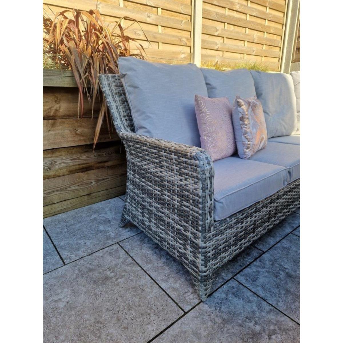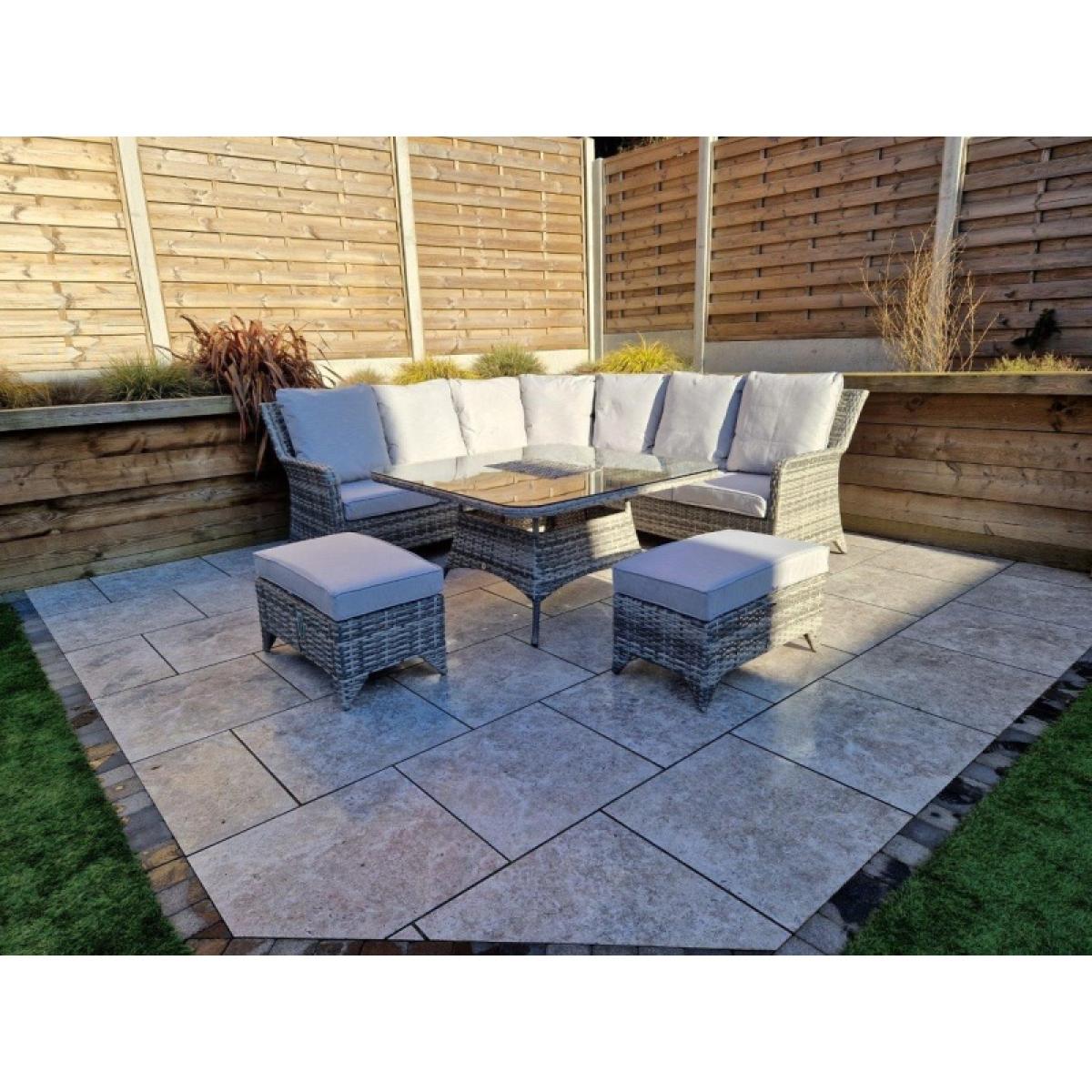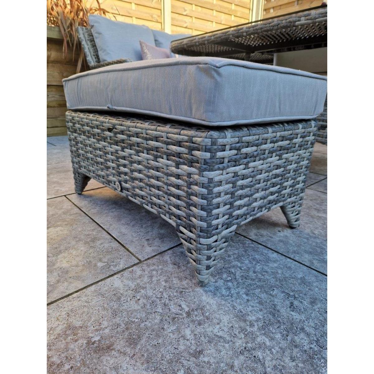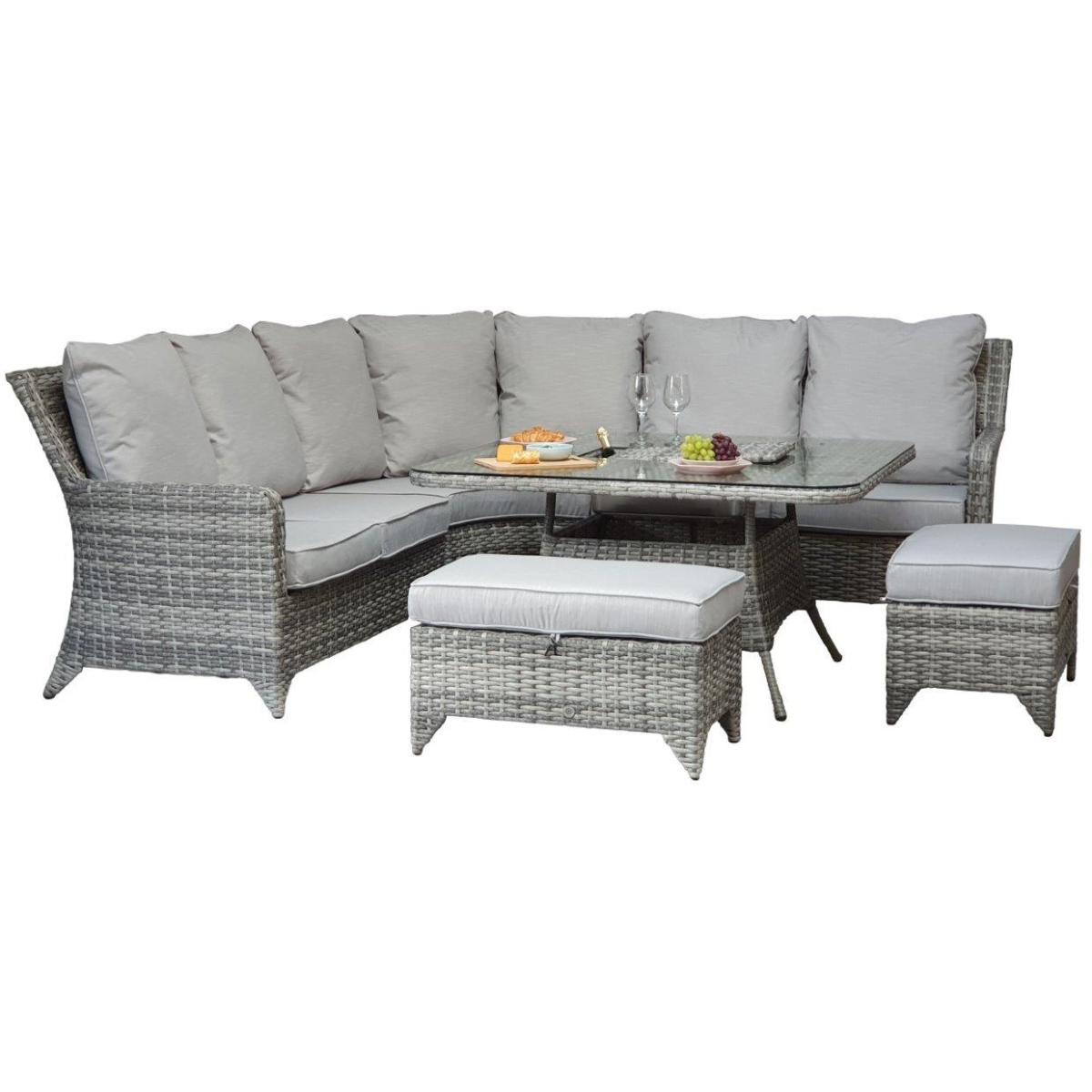 Create a stylish and comfortable outdoor space with the Signature Weave Sarah Corner Set, a stunning and functional addition to any garden or patio. Designed for comfort and durability, this contemporary rattan furniture set features a spacious corner sofa with plush, deep-filled cushions for ultimate relaxation. Crafted from high-quality, weather-resistant rattan in an elegant grey finish, this set is built to withstand the elements while maintaining its sophisticated look. The sturdy tempered glass-topped table provides ample space for drinks and snacks, making it perfect for social gatherings or peaceful outdoor lounging. The built-in ice bucket adds a touch of luxury, keeping your drinks chilled while you entertain guests. Partial assembly is required: simply bolt the legs onto the table on arrival. KEY FEATURES: Set Includes: 1 x Corner Section, 2 x Sofa Sections, 1 x Dining Table with Ice Bucket, 2 x Ottomans Unique High Backed Rattan Corner Sofa Hand crafted in a beautiful chunky grey weave - UV treated and weatherproof Toughened Glass Top Rectangular Table with built-in Ice Bucket Deep Filled Seat, Back & Stool Cushions High quality, soft touch, removable, hand washable light grey/silver cushion covers Perfect for up to 6/7 people to seat comfortably. DIMENSIONS: Corner Sofa: Height: 96cm Width: 260cm Depth: 260cm Seat Depth: 88cm Table: Height: 69cm Width: 129cm Depth: 129cm Stools: Height: 50cm Width: 78cm Depth: 46cm Please note, all screens vary in colour reproduction and whilst every effort has been made to display the colour as accurately as possible it is for guidance only. Scatter cushions and accessories pictured are for demonstration purposes only and are not included.
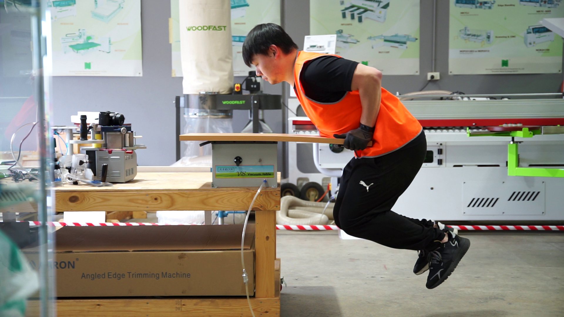 The Aaron V8 vacuum table replace traditional trestles and clamps for the holding of boards, glass, marble and other flat panel workpieces. Operated only by an air compressor, the table provides phenomenal holding strength, instant suction and does not damage workpieces.
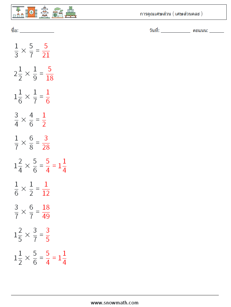 (10) การคูณเศษส่วน ( เศษส่วนคละ )
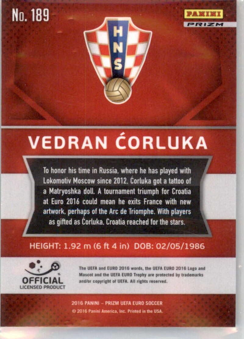 2016 Panini Prizm UEFA Euro White Prizms #189 Vedran Corluka Croatia Official FIFA Soccer Card in Raw (NM or Better) Condition

- EXERCISE INSTRUCTIONS -
An exact reproduction of the material is needed, without its images.

- ANSWER SECTION -
 Create a stylish and comfortable outdoor space with the Signature Weave Sarah Corner Set, a stunning and functional addition to any garden or patio. Designed for comfort and durability, this contemporary rattan furniture set features a spacious corner sofa with plush, deep-filled cushions for ultimate relaxation. Crafted from high-quality, weather-resistant rattan in an elegant grey finish, this set is built to withstand the elements while maintaining its sophisticated look. The sturdy tempered glass-topped table provides ample space for drinks and snacks, making it perfect for social gatherings or peaceful outdoor lounging. The built-in ice bucket adds a touch of luxury, keeping your drinks chilled while you entertain guests. Partial assembly is required: simply bolt the legs onto the table on arrival. KEY FEATURES: Set Includes: 1 x Corner Section, 2 x Sofa Sections, 1 x Dining Table with Ice Bucket, 2 x Ottomans Unique High Backed Rattan Corner Sofa Hand crafted in a beautiful chunky grey weave - UV treated and weatherproof Toughened Glass Top Rectangular Table with built-in Ice Bucket Deep Filled Seat, Back & Stool Cushions High quality, soft touch, removable, hand washable light grey/silver cushion covers Perfect for up to 6/7 people to seat comfortably. DIMENSIONS: Corner Sofa: Height: 96cm Width: 260cm Depth: 260cm Seat Depth: 88cm Table: Height: 69cm Width: 129cm Depth: 129cm Stools: Height: 50cm Width: 78cm Depth: 46cm Please note, all screens vary in colour reproduction and whilst every effort has been made to display the colour as accurately as possible it is for guidance only. Scatter cushions and accessories pictured are for demonstration purposes only and are not included.
 The Aaron V8 vacuum table replace traditional trestles and clamps for the holding of boards, glass, marble and other flat panel workpieces. Operated only by an air compressor, the table provides phenomenal holding strength, instant suction and does not damage workpieces.
 (10) การคูณเศษส่วน ( เศษส่วนคละ )
 2016 Panini Prizm UEFA Euro White Prizms #189 Vedran Corluka Croatia Official FIFA Soccer Card in Raw (NM or Better) Condition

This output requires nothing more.